Phaeodactylum tricornutum is a diatom. It is the only species in the genus Phaeodactylum. Unlike other diatoms P. tricornutum can exist in different morphotypes (fusiform, triradiate, and oval), and changes in cell shape can be stimulated by environmental conditions. This feature can be used to explore the molecular basis of cell shape control and morphogenesis. Unlike most diatoms P. tricornutum can grow in the absence of silicon, and the biogenesis of silicified frustules is facultative.

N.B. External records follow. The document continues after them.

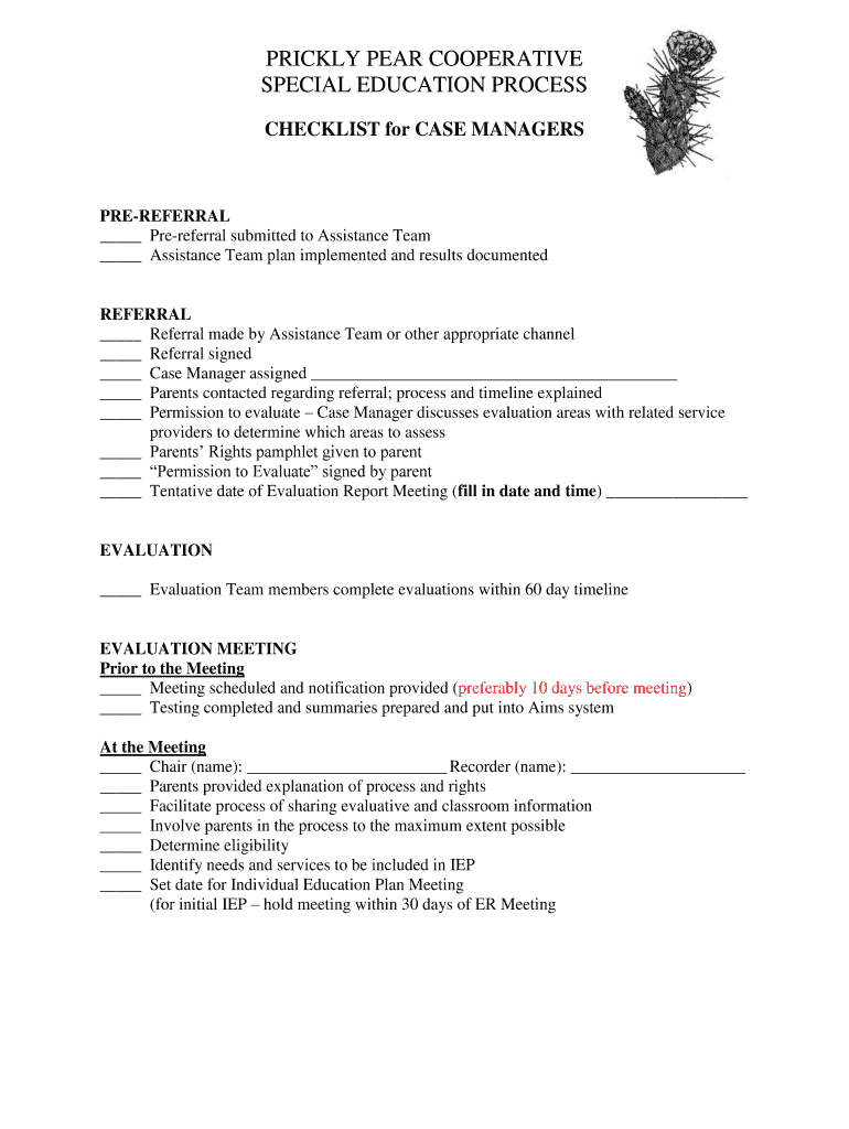 Get the free Special Education Process Checklist
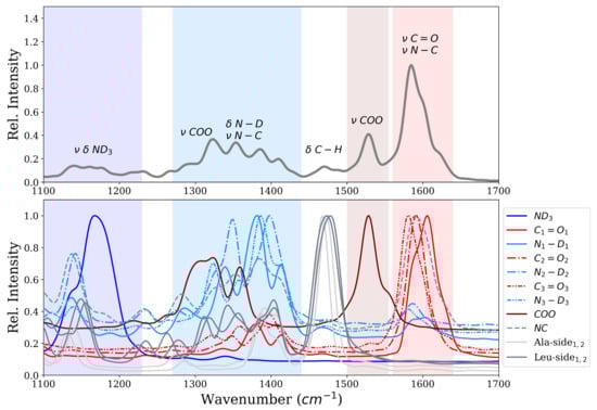 Figure 3 shows the infrared spectrum computed from first-principle MD simulations of the ALAL peptide in deuterated water. The amide I region shows one intense band centered at ∼1600 cm, which can be attributed to the carbonyl stretch vibration (), and another one at ∼1528 cm which we assign to the stretch vibration of the carboxyl group (). Also bands in the amide II and amide III region between ∼1250–1440 cm and ∼1100–1250 cm, respectively, are visible. According to the computed power spectrum, these bands correspond to vibrations of the groups and the N-terminal group, respectively. There is also a significant contribution of the carboxyl group to the bands of the amide II region, as can be seen from the power spectrum (Figure 3 bottom panel). The motion of both the Ala and the Leu side chain have a large peak at ∼1470 cm in the power spectrum which, due to the low change in dipole moment of these unpolar groups, translates to only little intensity in the infrared spectrum.
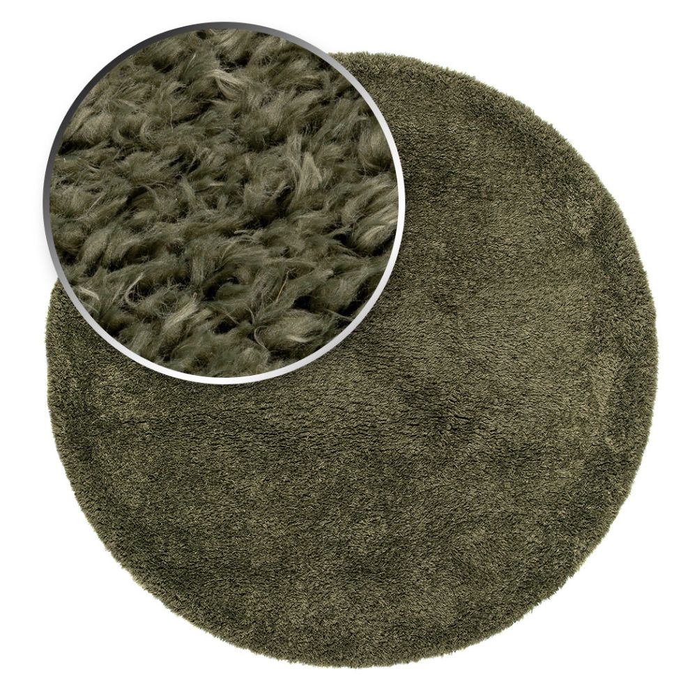 Grön rund ryamatta med mjuk lugg och hållbart material. Perfekt för att skapa en varm och elegant atmosfär i hemmet.
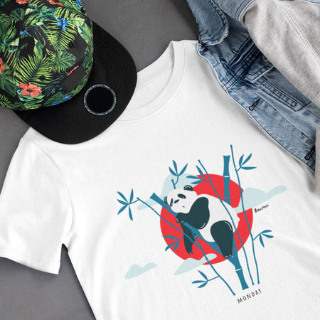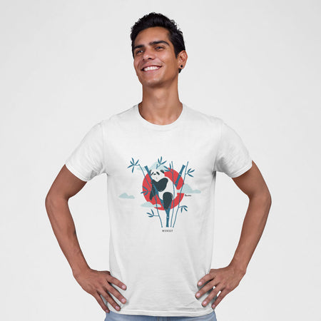 La Sleepy Panda T-Shirt è in cotone (eccetto i colori che contengono poliestere). Viene pre-lavata in modo che la vestibilità rimanga invariata nel tempo e in più cicli di lavaggio.
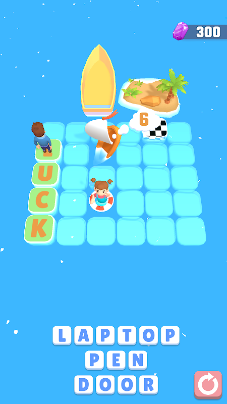 You can build paths only from words. At the same time, on the way to the island there are obstacles and girls who also need to be saved.
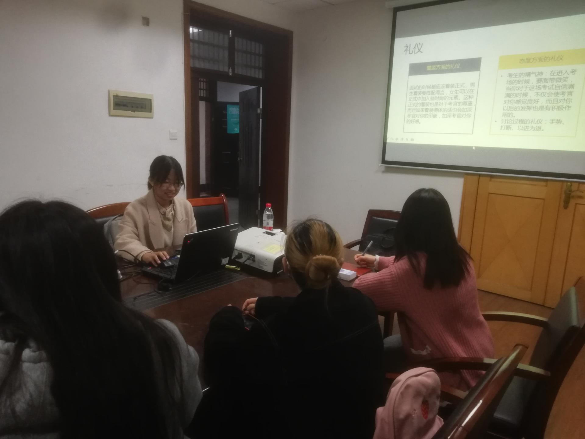 李雨霏同学就面试中重点的无领导小组讨论环节进行了介绍与讲解,无领导小组面试是一种采用情景模拟的方式对考生进行集体面试的面试考察方式,考官可以通过考生在给定情景下的应对危机、处理紧急事件以及与他人合作的状况来判断该考生是否符合岗位需要。李雨霏同学通过无领导小组讨论中的角色分配、注意事项、讨论要点、题型分类等多个方面进行了剖析说明,深入浅出、简明易懂,让来参加的同学收获颇多。
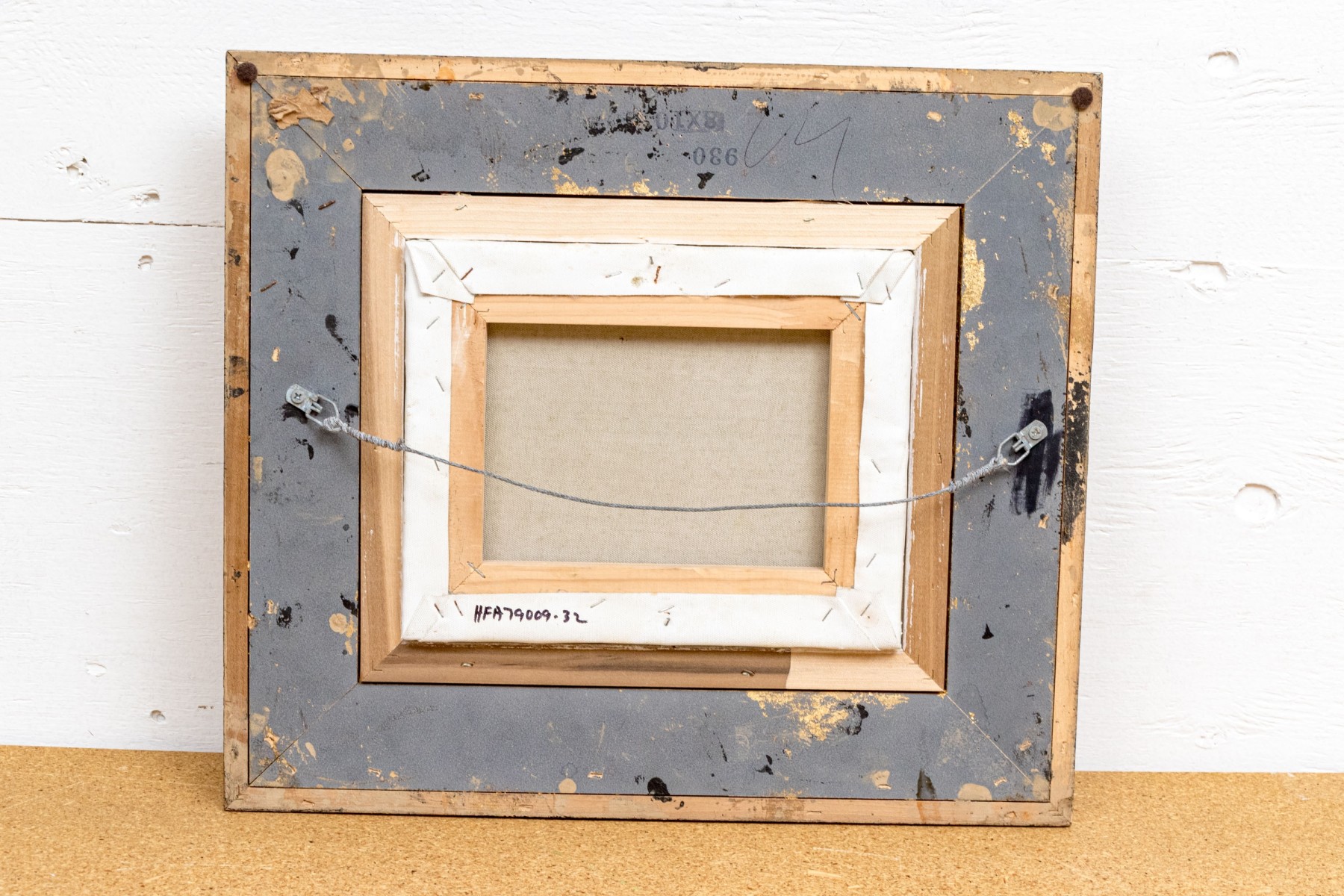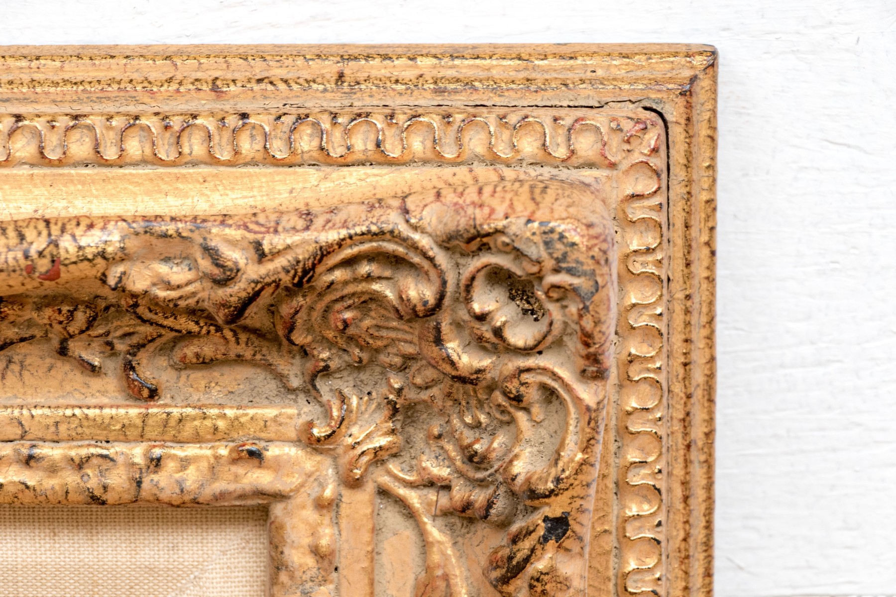Presented with linen liner in a highly decorative carved wood and gesso gilt finished frame.
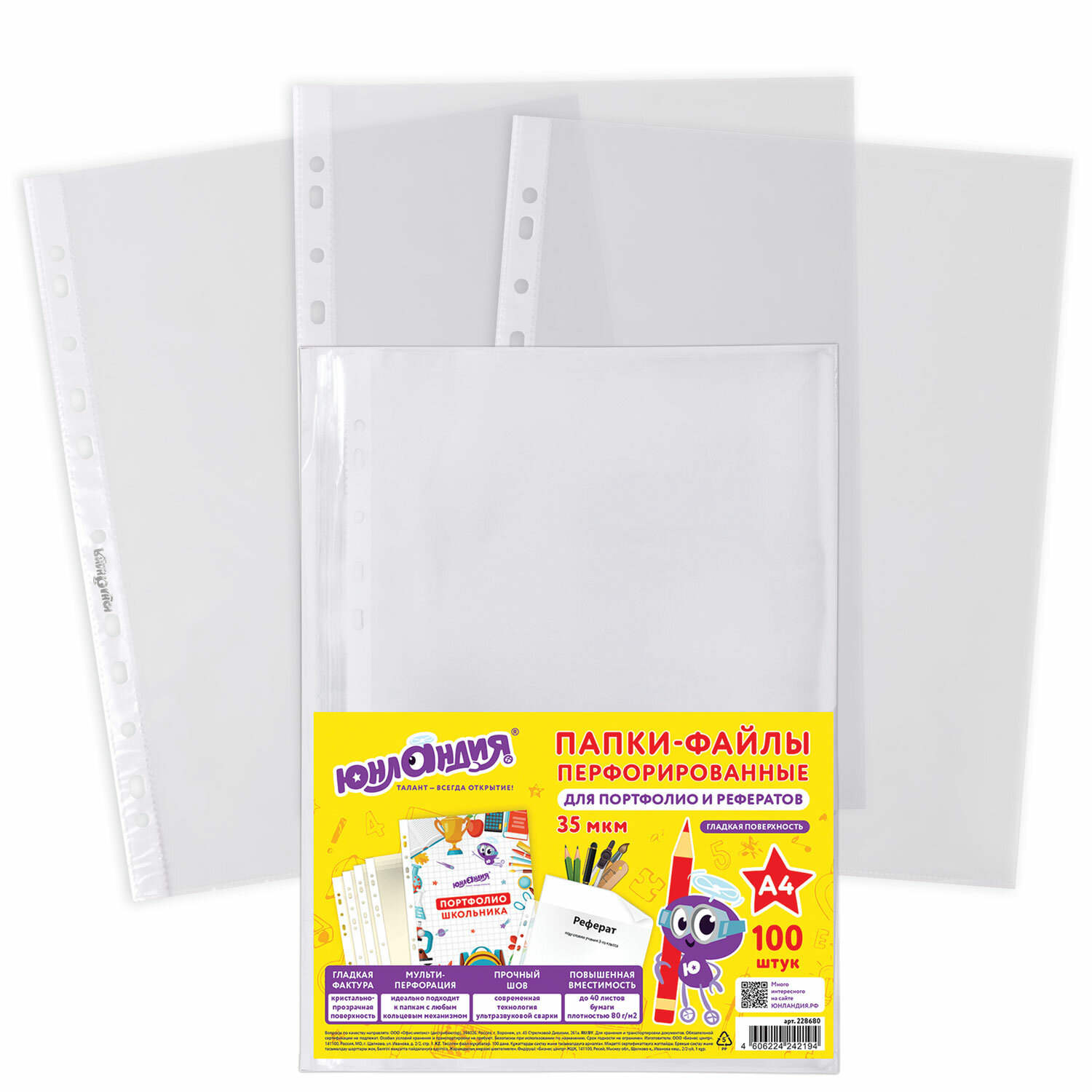 Папки-файлы перфорированные А4 ЮНЛАНДИЯ, КОМПЛЕКТ 100 шт., гладкие, 35 мкм Код товара: 228680 487,59 ₽ Купить Производитель:ЮНЛАНДИЯ Перфорированные папки-файлы ЮНЛАНДИЯ предназначены для хранения документов в папке с любым кольцевым механизмом или скоросшивателем. Перфопапки формата А4 с вертикальным размещением содержат универсальную перфорацию, а также имеют гладкую поверхность и прочные швы. Файлы являются незаменимым атрибутом в офисе, позволяют систематизировать документы и обеспечивают их сохранность на долгое время. Изготовлены из пленки толщиной 35 мкм. В комплект входит 100 перфопапок.Производство: РоссияФормат: А4Количество в комплекте: 100 шт.Толщина пленки: 35 мкмОриентация: вертикальнаяФактура: гладкаяЦвет: прозрачныйВес: 433 грРазмер упаковки: 1.4 × 31.4 × 25 смОбъём: 0.0008 м3Промежуточная упаковка: 20 штТранспортная упаковка: 20 штШтрих-код: 4606224242194 Файлы Сертификат-1.jpg Сертификат-2.jpg Сертификат-3.jpg Сертификат-4.jpg

This provides opportunities for experimental exploration of silicon-based nanofabrication in diatoms.
Another peculiarity is that during asexual reproduction the frustules do not appear to decrease in size. This allows continuous culture without the need for sexual reproduction. In fact it is unknown if P. tricornutum is capable of sexual reproduction. To date no substantial evidence has been found to support sexual reproduction in a laboratory or other setting. Despite the fact that P. tricornutum can be considered an atypical pennate diatom it is one of the main diatom model species. A transformation protocol has been established and RNAi vectors are available. This greatly facilitates molecular genetic studies.
Phaeodactylum tricornutum is one of two diatoms to have its genome sequenced (the other being Thalassiosira pseudonana). The genome contains approximately 10% prokaryote like genes, an unusually large proportion. Over 30000 expressed sequence tags (ESTs) have been organized into the Diatom EST Database.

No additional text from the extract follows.